The virtualization phenomenon changed (and it’s still changing) a lot of things in the IT world. Some of them, anyway, have nothing to do with technology.
One is the new level of competition that the vendors can reach when pitching their products, probably the highest ever seen in the computer industry.
Such fierce conflict is made of claims and refusals and accusations going back and forth from one corporate blog to another.
Who benefits the most from this modern media fight is the end-user which has a surprisingly efficient tool to spot some obscure statements in this or that vendor’s offering.
This long and unusal premise was needed to introduce a concrete example.
Recently VMware opened a new corporate blog to debate on those press articles or competitors statements which are not considered fair enough.
The last post published on this blog, Virtual Reality, covers the frequent complains about the VMware Infrastructure price (complains that actually exist since much before Microsoft announced the price for its upcoming Hyper-V).
To justify the cost difference between its hypervisor and the competing ones, VMware focus on the so called cost per virtual machine and invokes the memory overcommit feature, something that nor Citrix XenServer neither Microsoft Hyper-V can offer today.
The achievements described in that post (a 4GB RAM physical server runs up to 40 concurrent VMs busy with light activity or up to 14 VMs busy with heavy activity) instantly provoked reaction from Microsoft and from Citrix.
The three positions are all interesting and worthwhile of a full analysis but readers should be aware that metrics can be manipulated without limits to support one position or another.
The value of ESX Server memory overcommit exist.

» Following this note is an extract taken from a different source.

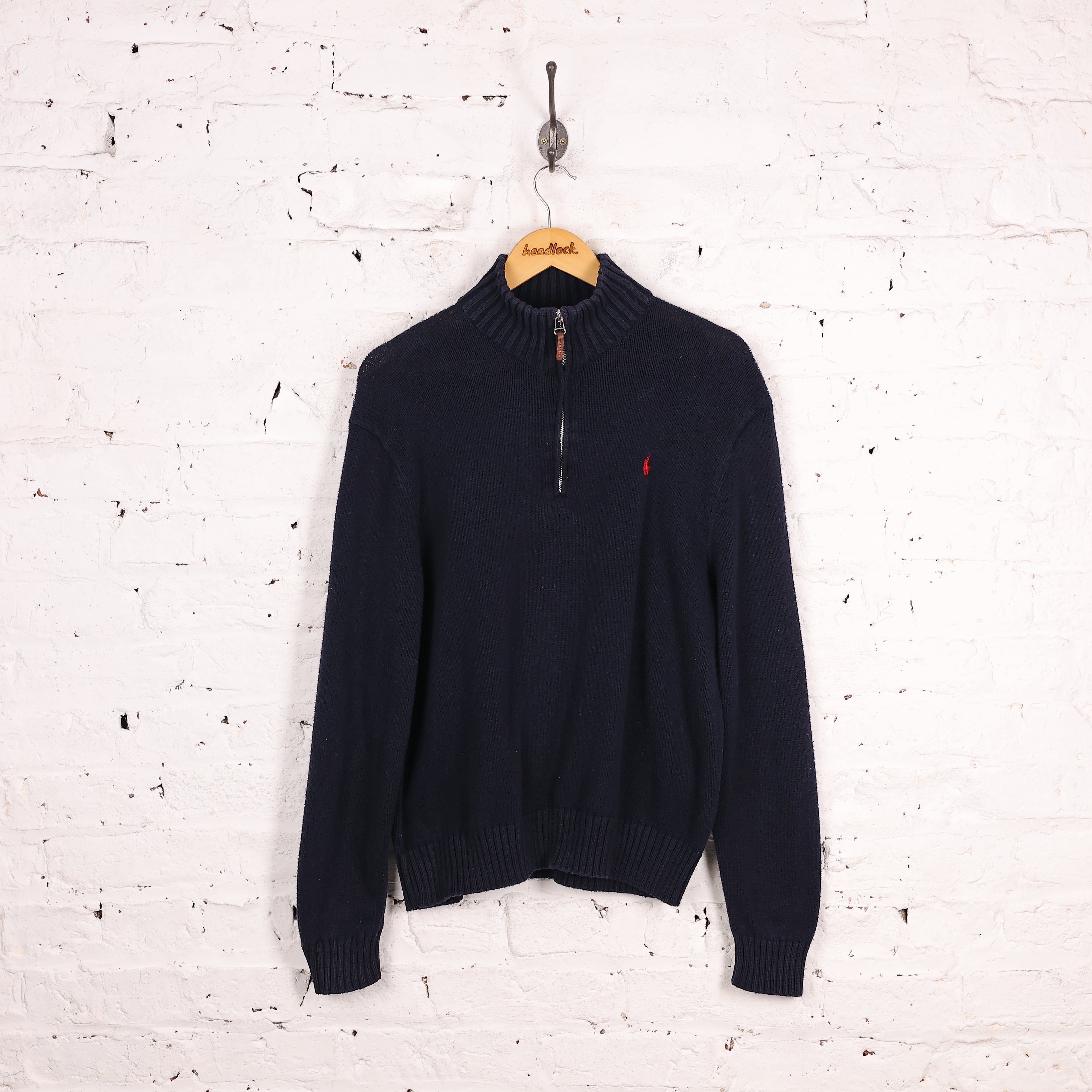 Women's Ralph Lauren 1/4 Zip Knit Jumper - Blue - Women's L

Despite that, the scenario described by VMware seems far away from many real-world deployments.
VMware used the identical OS image for all the virtual machine instances but it’s highly unlikely that a virtual infrastructures can host tens of virtual machines with the same identical Windows edition, service pack, patch level and running applications. Thus the chances to have many memory pages to share are probably lower than the ones available in the tested environment.
Surely there are batteries of identical virtual machines (at least at the OS level) deployed out there, for example for web server farms or VDI farms, but to match a realistic average scenario VMware should use a mixed environment made of Windows 2000, 2003 and 2008 VMs, with different SP and patch levels, and with different installed applications.

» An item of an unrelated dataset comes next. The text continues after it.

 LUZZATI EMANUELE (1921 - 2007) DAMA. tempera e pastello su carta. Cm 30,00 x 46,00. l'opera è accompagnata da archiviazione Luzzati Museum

In such environment the memory overcommit ratio would assume a more concrete value and a cost per VM calculation would be more precise.
Update: VMware posted a new scenario to validate its memory overcommit technology in the real-world.
It’s the case of a VDI farm with 178 virtual machines (512 MB virtual RAM each) which consumes less than 20GB physical RAM instead of 89GB.
Definitively an interesting environment but, as noted in the original post above, we’d like to see the memory overcommit ratio achieved where you cannot have a farm of identical guest OSes with identical applications.